Генри исчезает, и проход заполняется мерной процессией наиболее изысканных и благочестивых обитателей Ноттинг-Хилла — мужчин, стоически парящихся в черных сюртуках, и женщин, разряженных по последней моде, но воздержавшихся все же от драгоценностей с их нарочитым сверканием. А за ними следует наполовину заслоняемая юбкой дородной дуэньи девочка, которая может быть, а может и не быть дочерью Уильяма. У нее такие же, как у Агнес, ярко-синие с прозеленью глаза, такое же, как у Уильяма, отсутствие подбородка и тоскливое, уничиженное лицо, приводящее на ум заблудившуюся домашнюю собачонку, — именно такое было и у Уильяма, когда Конфетка впервые увидела его в дыму и жару «Камелька». Способна ли внешность послужить доказательством отцовства? Решающим — навряд ли, родителями этой девочки могут быть какие угодно люди. Однако на долю мгновения девочка и Конфетка встречаются друг с дружкой глазами, и между ними протягивается некая ниточка. Впервые за сегодняшний день затхлый воздух этого дома натужной святости пронизывается искрой духовной энергии.
«Так это ты, верно? Софи?» — думает Конфетка, но девочка уже скрывается из виду.

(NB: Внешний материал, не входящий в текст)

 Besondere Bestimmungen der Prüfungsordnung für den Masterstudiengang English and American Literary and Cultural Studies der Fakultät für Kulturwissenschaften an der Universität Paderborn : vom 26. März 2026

Как только ей представляется возможность покинуть, не привлекая к себе никакого внимания, место на скамье, Конфетка выходит за прочими прихожанами на церковный двор. Девочку торопливо ведут — почти что гонят — к карете Рэкхэмов. Чизман, торчавший без дела за мраморной колонной с двумя бессмысленно обнимающими ее ангелами, выполненными в натуральную величину, бросает на землю сигарету и растирает ее ногой.

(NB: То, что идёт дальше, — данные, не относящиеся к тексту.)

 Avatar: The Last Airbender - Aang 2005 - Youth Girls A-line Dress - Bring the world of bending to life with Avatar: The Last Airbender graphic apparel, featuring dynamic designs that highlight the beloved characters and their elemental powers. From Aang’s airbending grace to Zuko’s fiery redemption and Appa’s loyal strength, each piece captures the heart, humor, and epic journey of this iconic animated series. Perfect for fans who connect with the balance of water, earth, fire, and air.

Одного из Рэкхэмов увозят, Конфетка отыскивает глазами другого, единственного, кто у нее остался, — брата Генри — и обнаруживает, что интересует он не только ее. Явно нездоровая, изможденная женщина, на которую Конфетка обратила внимание, когда женщине этой помогала усесться на скамью служанка, теперь выходит с ее же помощью из церкви. Грузно опираясь на трость, она машет рукой и окликает Генри, намереваясь, судя по всему, присоединиться к нему.

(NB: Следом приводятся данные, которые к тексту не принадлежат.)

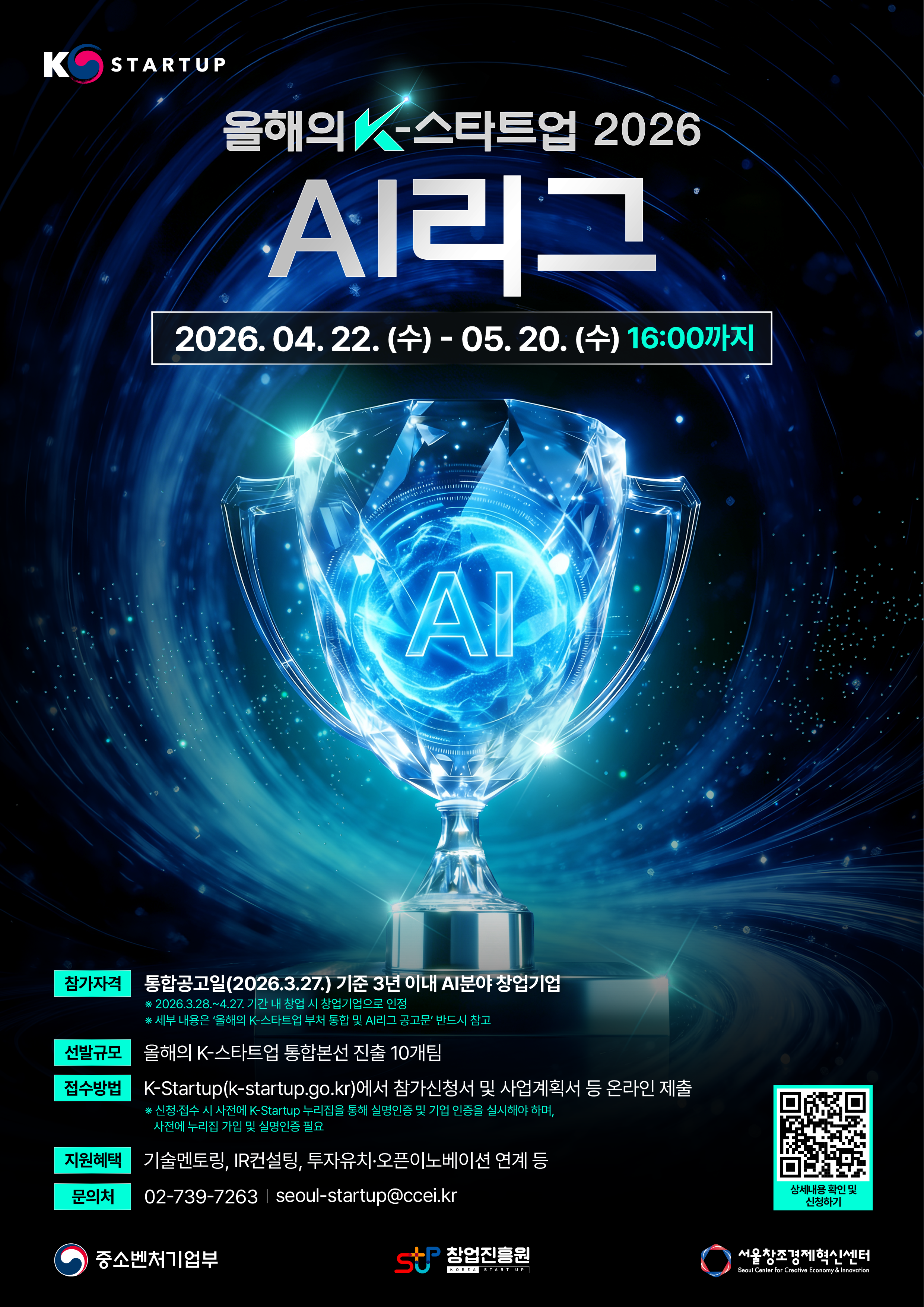 - (목적) 『올해의 K-스타트업 2026』 창업경진대회 예선리그를 통해 우수한 창업아이템을 보유한 유망 창업자를 발굴 및 포상하여 창업 분위기 확산

На Генри это действует, точно удар электричества. Он выпрямляется в струнку, сдергивает с головы, чтобы разгладить немытые волосы, шляпу, затем осторожно возвращает ее назад и поправляет галстук. Даже сквозь плотную кисею своей вуали Конфетка различает происходящее с его лицом чудо — выражение гнева и горького недовольства слетает с него, сменяясь жалкой маской спокойствия.
Все еще сопровождаемая горничной, больная передвигается не на обычный манер хромцов (характерной трехногой поступью), нет, она налегает на трость так, точно это всего лишь оградка, идущая по краю головокружительного обрыва. Она бледна и худа, как окоренная ветка, левая ладонь ее, свисающая поверх предплечья горничной, смахивает на хворостинку, правая, крепко сжимающая ручку трости, — скорее, на узловатый корень. Жара, от которой розовеют или (если говорить о расфуфыренных дамах) багровеют лица окружающих людей, больную не задевает, ее лицо оставляет белым, лишь два крапчатых малиновых пятна вспыхивают и выцветают на щеках женщины с каждым сделанным ею шагом.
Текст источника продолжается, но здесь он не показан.